Gawande tracked this not to malpractice costs but to more health care providers in that city competing to provide more pacemakers, do more surgeries, schedule more specialist visits and order more tests — some of them unnecessary. In a similar-sized city several hundred miles away — El Paso — a more coordinated and cooperative health care community cut costs in half.

REJECTS OTHER WAYS TO CUT COSTS

As for other ways to slow Medicare's rising costs, several proposals by members of both parties would cap the growth in Medicare spending at a rate tied to the gross domestic product plus 0.5 percent.

Another would increase the Medicare eligibility age from 65 to 67, reducing Medicare spending by about 5 percent.

Paton said he does not support either of those proposals.
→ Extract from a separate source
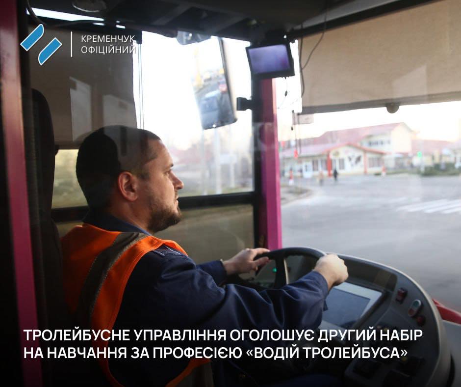 🚎 У Кременчуці оголошено другий набір на навчання за професією «Водій тролейбуса».

Another proposal would offer retirees a federal voucher to purchase private insurance, and some have called for replacing Medicare entirely with private insurance plans.

Paton said he opposes any plan to privatize Medicare or reduce benefits for current seniors. [Follow-up question: does he support Paul Ryan's voucher plan for future retirees? C'mon guys.]

But even though Paton says he would vote to repeal the Affordable Care Act, he says he does support the provision that requires either private insurers or a government-subsidized insurance exchange to sell affordable insurance to people with significant health problems, such as heart disease and cancer, even though they have been denied coverage in the past.

The Affordable Health Act has insurers able to afford to offer this new benefit because of the new policies they will write for healthier people as required in the law. Or, the government-funded exchanges will offer it.

Paton has not said specifically how insurers would offer affordable benefits to those with expensive, pre-existing conditions if Obamacare and its insurance coverage mandate are repealed. [So does he support an unfunded mandate, like the Medicare Part D Big Pharma subsidy?]

This is better reporting than what we are used to in Tucson, but still leaves some unanswered questions for Payday Paton. The Sun needs to follow up because the Star will never do it.